Около их столика вдруг очутился Мошевский. Он глядел на них с высоты своего роста, и казалось, это кит заглядывает в крохотную гребную лодку. Он заранее продумал, что скажет. Он решил начать с шутки.
— Доктор Баумэн, я встречаю вас исключительно на вечеринках. Не припоминаете? Мошевский, Израиль, 1967 год. Можно сказать с вами пару слов?
— Простите?
Больше Мошевский ничего не заготовил. Он поколебался немного, а затем склонился над столом пониже, словно демонстрируя свою физиономию малорослому дерматологу, и повторил:
— Роберт Мошевский, Израиль, 1967 год, с майором Кабаковым. В госпитале, а потом на вечеринке. Не помните?
— Ну конечно же! Сержант Мошевский! Я не узнала вас в цивильном платье.
Мошевский растерялся. Он не знал слова «цивильный». Она еще сказала «платье»? На всякий случай он взглянул вниз. Да нет, все было в порядке — брюки, пиджак… Если бы она сказала «в гражданском», он сразу понял бы, что она имеет в виду. Дружок Рэчел и вторая пара теперь смотрели на него во все глаза.
— Марк Таубмэн, это — Роберт Мошевский, мой старый друг, — сказала Рэчел своему компаньону. — Пожалуйста, сержант, посидите с нами.
— Да-да, конечно, — произнес Таубмэн не вполне уверенно.
— А что, собственно говоря… — Выражение лица Рэчел вдруг изменилось. — С Давидом все в порядке?
— Почти. — Хватит с него этих церемоний. В его задачу вовсе не входит рассиживаться здесь и вести светскую беседу.
Что сказал бы Кабаков? Мошевский наклонился к самому уху Рэчел.
— Мне надо поговорить с вами наедине, пожалуйста, это очень срочное дело, — пророкотал он.
— Простите, мы оставим вас на минутку, — сказала она и положила руку на плечо Таубмэна, который стал было подниматься из-за стола. Только одну минуту, Марк. Не беспокойся.
Через пять минут Рэчел вернулась в зал и позвала Марка Таубмэна. Через десять минут он сидел в полном одиночестве в баре отеля, уперев подбородок в ладонь, в глубокой задумчивости. Рэчел и Мошевский мчались в Нью-Йорк, снежные хлопья били в ветровое стекло, словно трассирующие пули.
Ближе к югу снег сменился ледяной крупой. Она стучала по крыше, отскакивала от ветрового стекла машины, когда Далия Айад вела «универсал» Ландера по Гарден-Стейт-паркуэй. Обсаженная деревьями дорога была посыпана песком, но когда Далия выехала на шоссе номер 70 и свернула к Лейкхерсту, стало очень скользко. Наконец она подъехала к дому и вбежала в теплую кухню. Было три часа ночи. Ландер наливал себе кофе. Она положила специальный выпуск «Дейли ньюс» на кухонную стойку, раскрыв газету посередине, на вкладке с фотографиями. Лицо мужчины на носилках вышло четким и ясным и не оставляло сомнений: Кабаков. Ледяные крупинки таяли у Далии в волосах, и холодные капли просачивались до самой кожи.

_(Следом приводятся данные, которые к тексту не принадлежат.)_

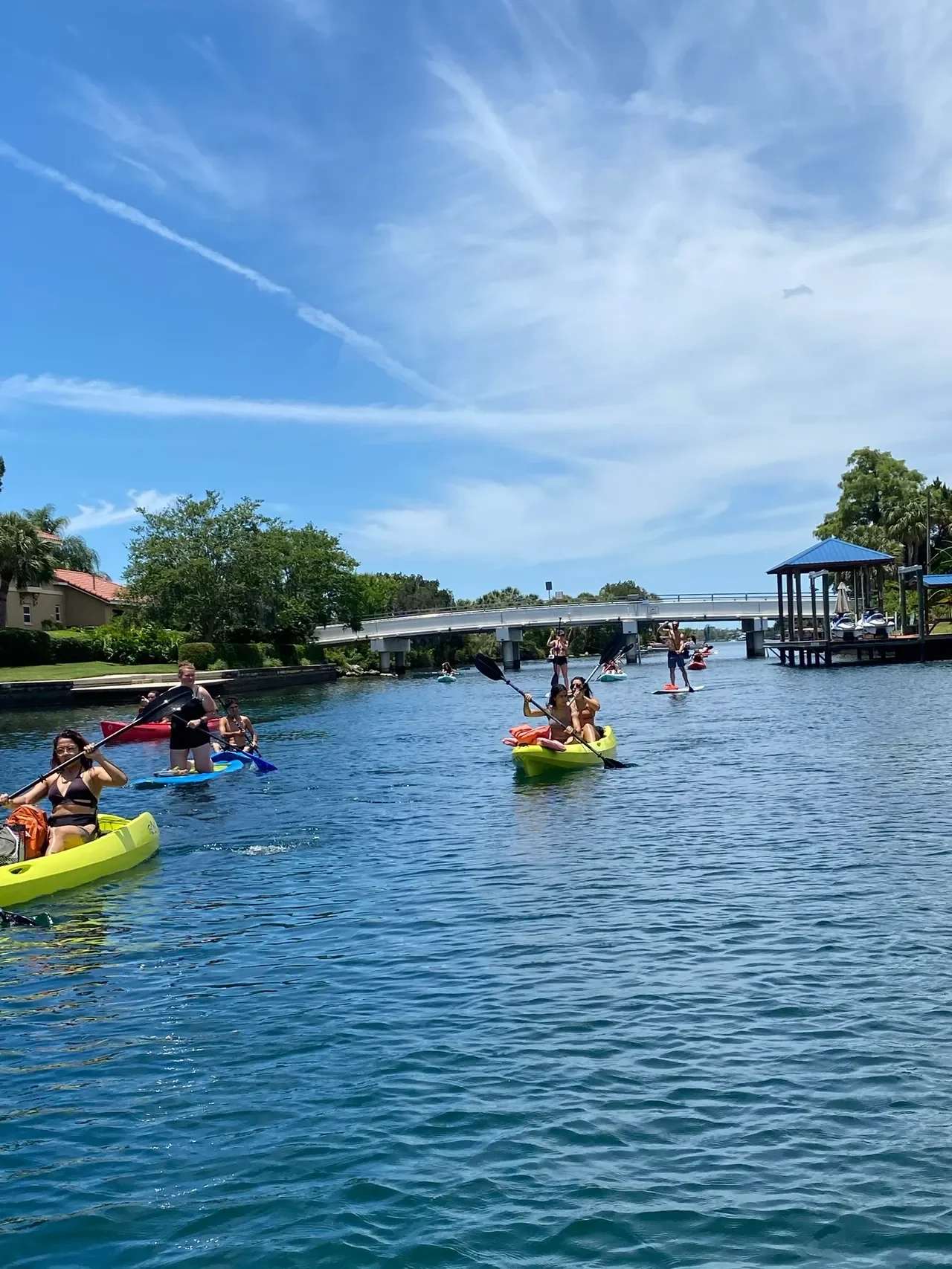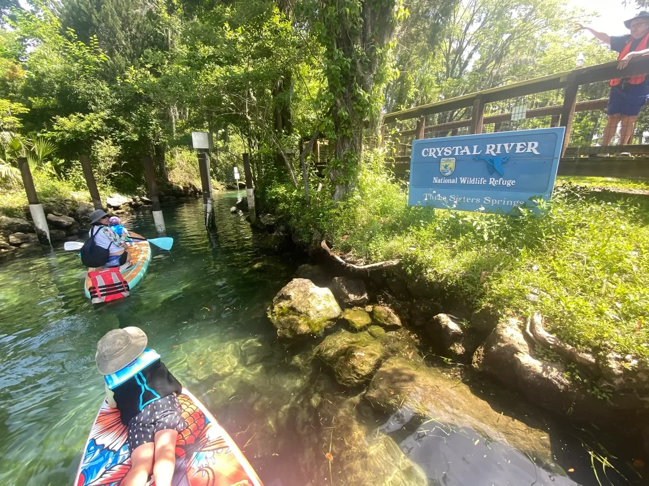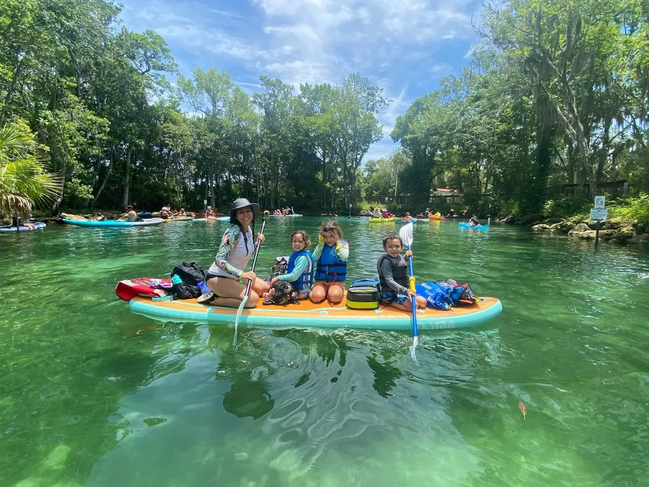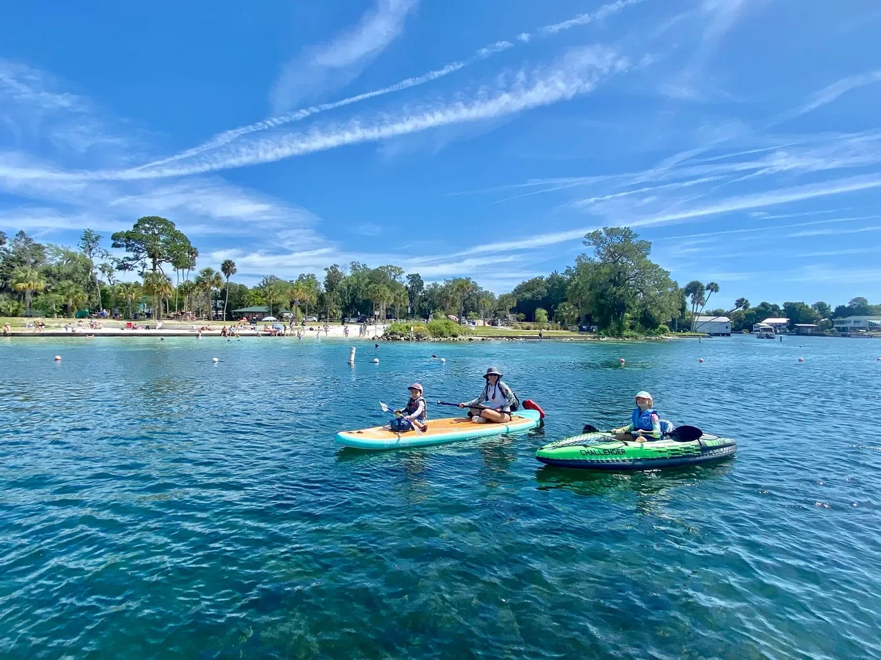 Loads of kayakers and paddleboarders heading towards Three Sisters Springs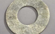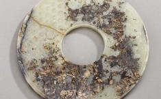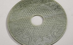 青玉,由内向外有三圈刻纹,内圈为榖纹,中间绳纹,边饰为变体蟠螭纹,璧身裂纹5道、断裂一道、边角残缺一角,均已修复。 【详情】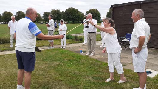 Six pairs entered this tournament. It was not feasible to carry out a draw on the day as the present restrictions made it important to fix teams, to assign lawns and to work out an Order of Play beforehand. The outcome was that there were three pairs of married couples and three “odd couples” in contention.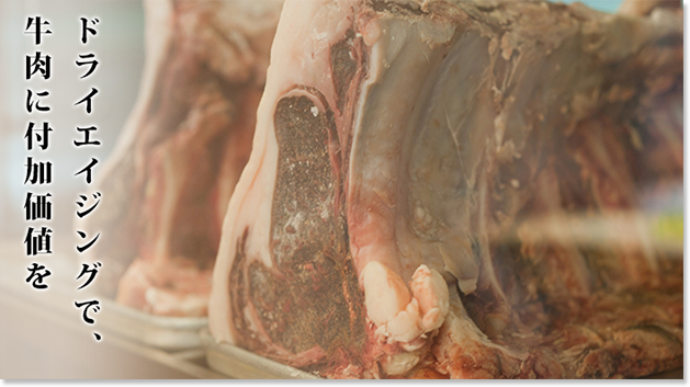 誰もが耳にした事があると思いますが、昔から『肉は腐りかけがうまい』と口々に言われてきました。 実はそれには確たる根拠があり、肉自身の酵素の働きなどの熟成メカニズムが含まれ 自然においしいお肉へと変化していきます。 しかし、『ドライエイジングビーフ』はただのそれとは一線を画すもので、精肉店の長年に渡る経験・知識・技術から更に研究に研究を重ねた結果確立され、 『日本の牛食文化に一石を投じる』全く新しい牛の熟成方法です。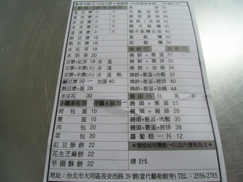 台湾朝ごはんや夜食は豆乳店で!台北MRT中山駅近く【四海豆漿大王】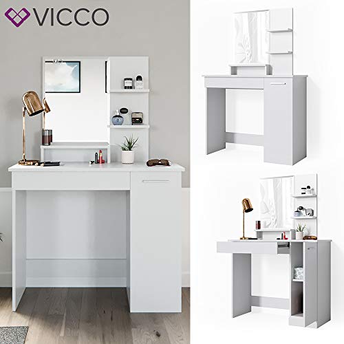 Vicco Toletta da trucco Julia Toletta Comodino Toletta make-up Specchio Bianco/ Antracite / bianco sonoma / goldcraft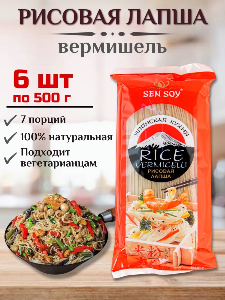Рисовая лапша, названная по-европейски Rice Vermicelli, представляет собой классическую рисовую японскую вермишель. Белоснежная и прозрачная, с нежным и мягким вкусом, она лучше всего подходит к морепродуктам. Эта вермишель хороша в разнообразных салатах и супах, а также в дополнение к блюдам из мяса и птицы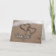 Merci en écriture blanche sur fond de plage de sable avec deux cœurs dessinés dans le sable. Parfait pour le couple de mariage à la plage pour leurs mots de remerciement.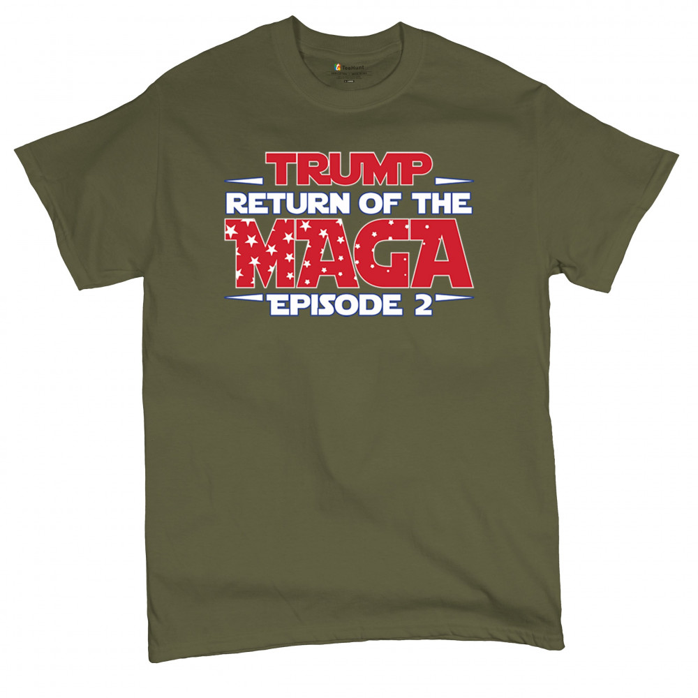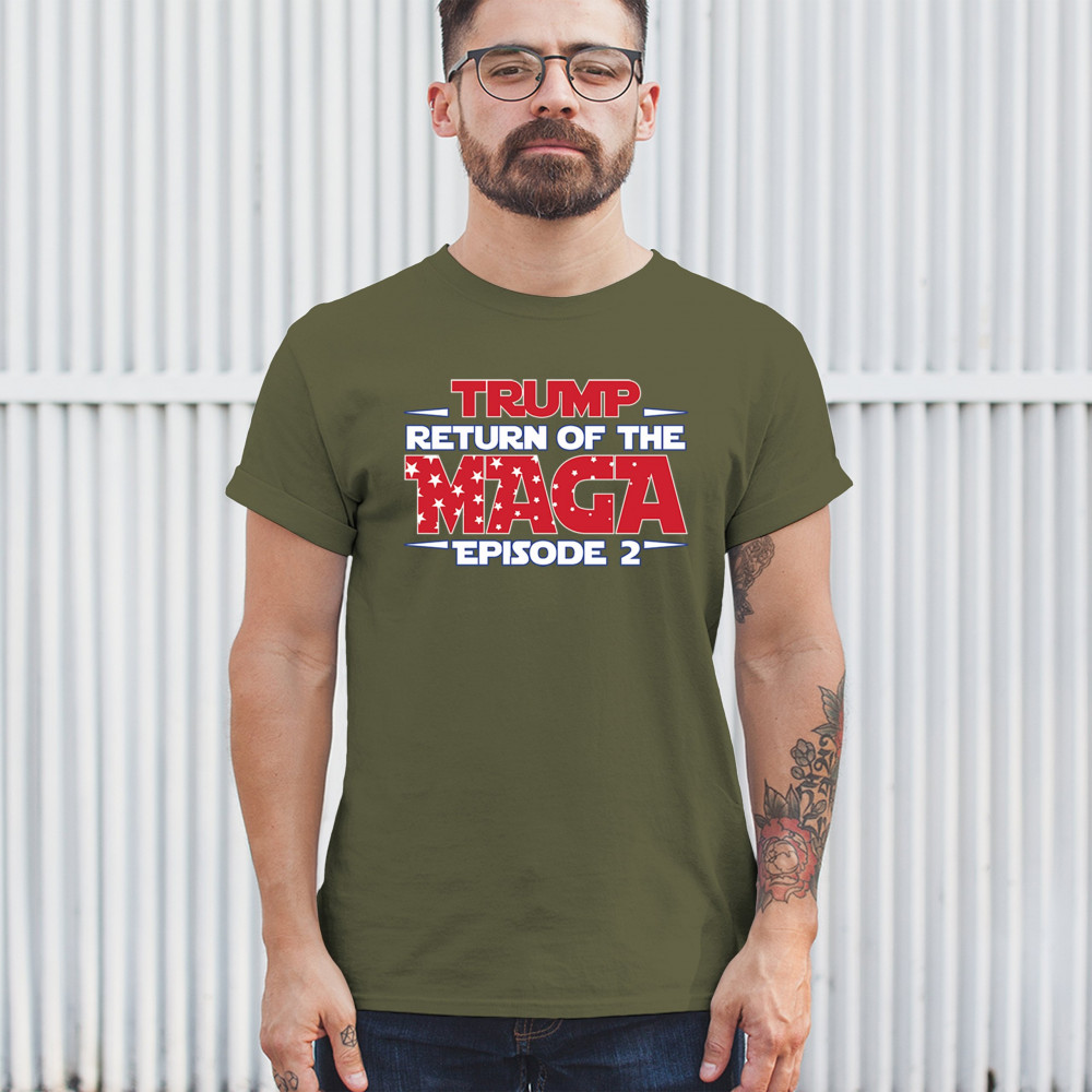 Make a bold statement with the "Return of the MAGA: Episode 2" design, celebrating Donald J. Trump and the Red Wave movement. Perfect for conservatives, Trump supporters, and Republicans who champion America First values, freedom, and the fight for a better future. A must-have for those who never surrender and stand for the people's mandate.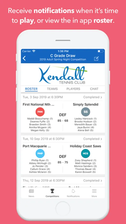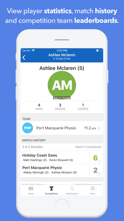 Slam provides features to manage your tennis club anywhere at any time on your mobile device, no clunky admin website required. Create and configure competitions, schedules and teams all within the app. Track team and player statistics. Slam's advance algorithms generate customisable rosters for you.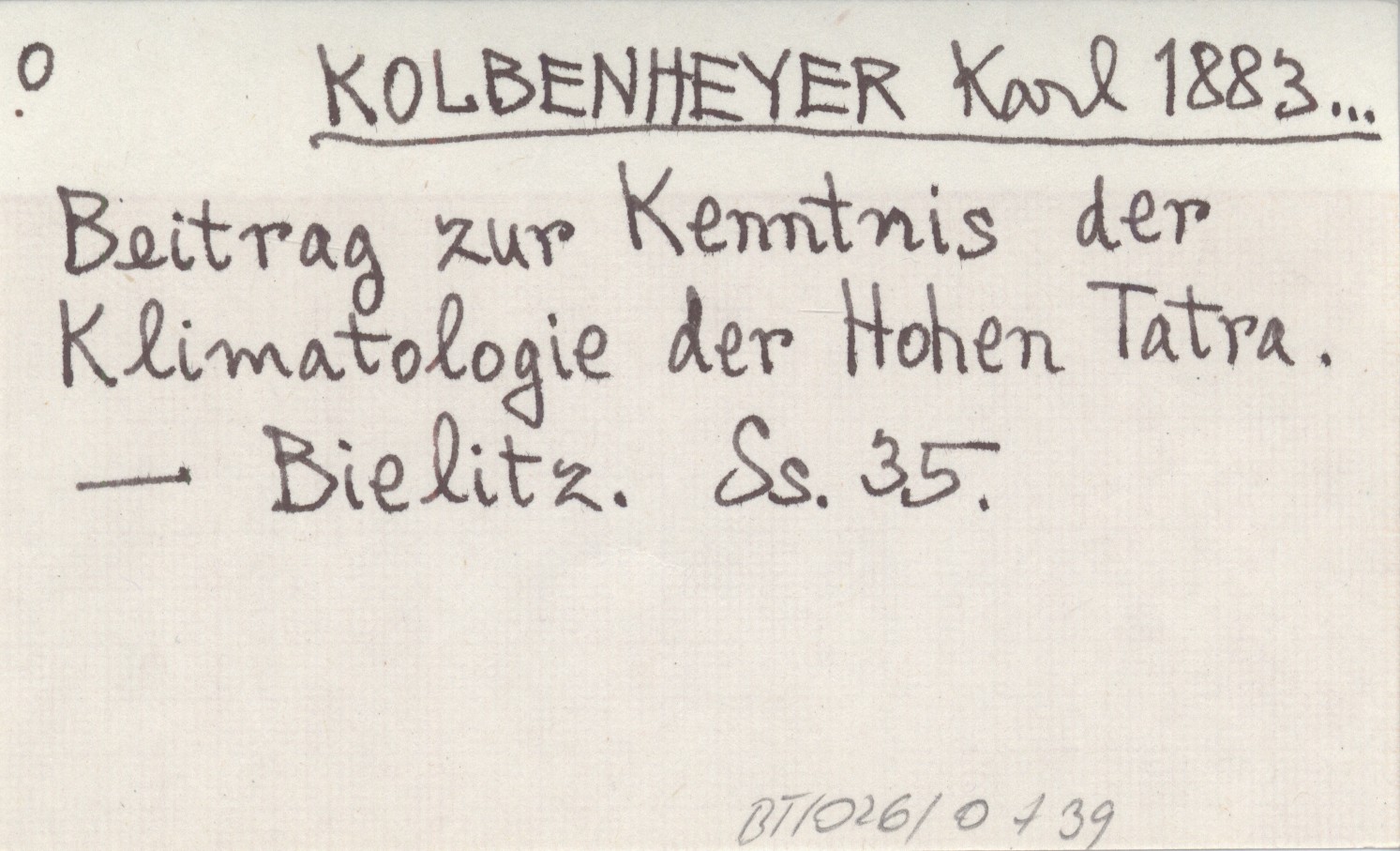 KOLBENHEYER Karl 1883... Beitrag zur Kenntnis der Klimatologie der Hohen Tatra.

— Ну ладно, пусть это Кабаков, ну и что?
— И он еще говорит «ну и что»! — произнес Фазиль, входя в кухню из своей комнаты. — Он же успел поговорить с Музи, может, Музи успел вас ему описать. Наверное, Кабаков вышел на него через «Летицию», а там он мог получить и мое описание. Может, он и не занялся мною — пока. Но он обо мне слышал. Рано или поздно вспомнит. И Далию он видел. От него необходимо избавиться.
Ландер со стуком опустил свою чашку на стол.
— Не надо пудрить мне мозги, Фазиль. Если бы полицейским стало хоть что-то известно, они были бы уже здесь. Вам просто надо убить его, чтобы отомстить за своих. Он ведь убил вашего лидера, да? Вот так, запросто — вошел и укокошил, верно?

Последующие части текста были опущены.